When you excite a semiconductor you typically generate lots of electrons and holes. When studied in detail they will have a rich dynamic, as there are several recombination paths, as you mention in your question. The question is always how likely is a certain process is to happen, i.e. how big is its transition matrix element.
The necessary requirement for an optical transition is that you have an electron and a hole in two states, which allow an optical (dipole) transition. For this the typical selection rules must apply, and another important point is the difference in momentum. In Si for example, the highest VB state (at the $\Gamma$ point) and the lowest CB state (close to the $X$ point) have a strong $k$ difference and thus direct optical transitions are not possible. In this case you will need the assistance of phonons to bridge the k difference for the emission of a photon. Another typical process is the build up of exciton states which then later on may perform an optical recombination.
Non radiative transitions
As you suggested it is indeed possible to recombine electrons and holes without emitting a photon. The possibly simplest process is the Auger process, where the energy of the electrons and holes transfers to a 3rd particle (electron or hole) which is taking over the energy and becomes excited itself.
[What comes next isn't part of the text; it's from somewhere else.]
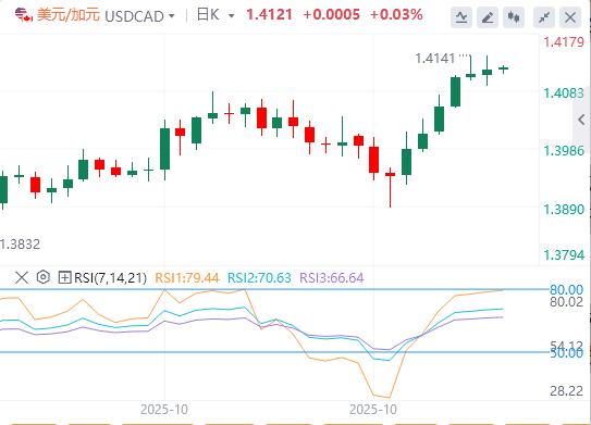 交易员正在关注该货币对能否守住 1.41 区域上方,以确认持续到11月中旬的看涨势头。
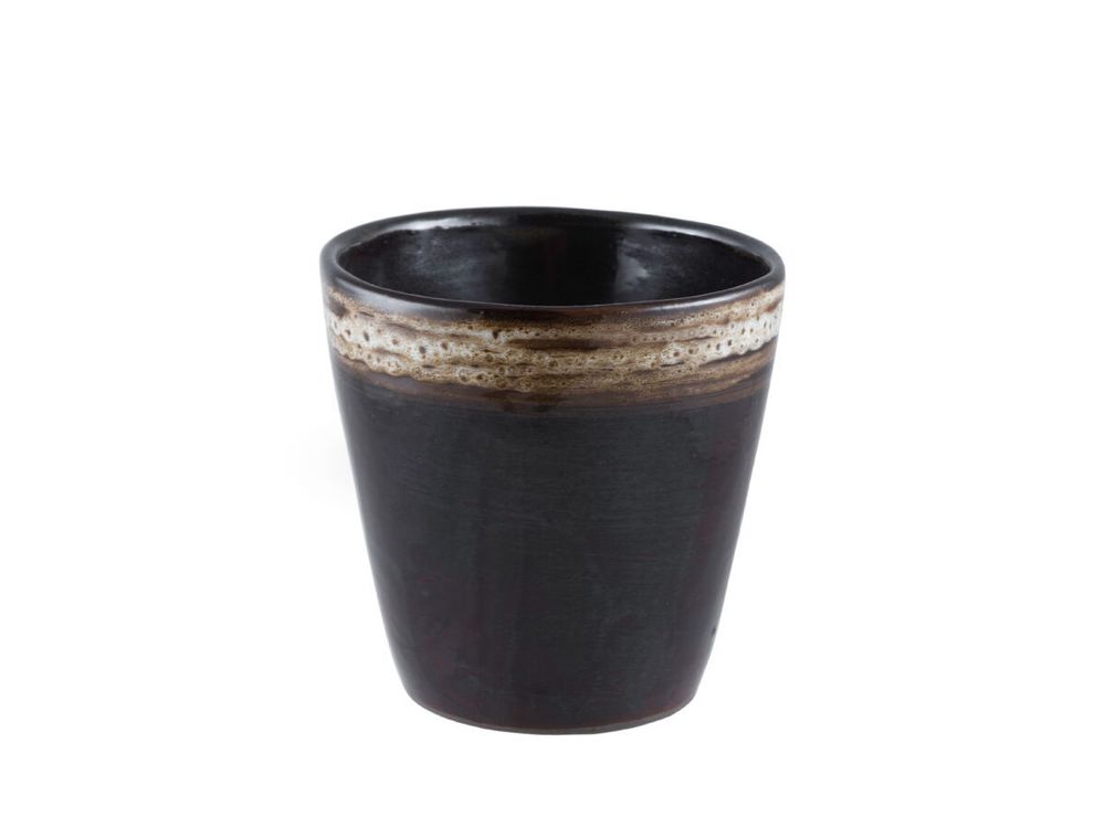 Серия керамической посуды Жареная карамель изготовлена в насыщенном черном цвете, который органично сочетается с окантовкой более светлых тонов. Все предметы серии изготовлены из качественной каменной керамики, которую можно мыть в посудомоечной машине, а также использовать в микроволновой печи и духовом шкафу. Объем стакана составляет 380 мл.

The problem with a direct phonon emission is that you have to match energy and momentum with the phonon you create. But the properties of phonons are given by their dispersion relation, so the phonon you need might not exist. For perfect semiconductors these direct phonon processes does not play an important role (at least as far as I know - counterexamples are welcome). When defects and impurities come into play this changes. There a several examples of non-raditive relaxations of excited defect states.
For your question if the electron has to return to its initial state again, there is no such thing as "exactly this electron" in QM. Particles are indistinguishable so the answer is no.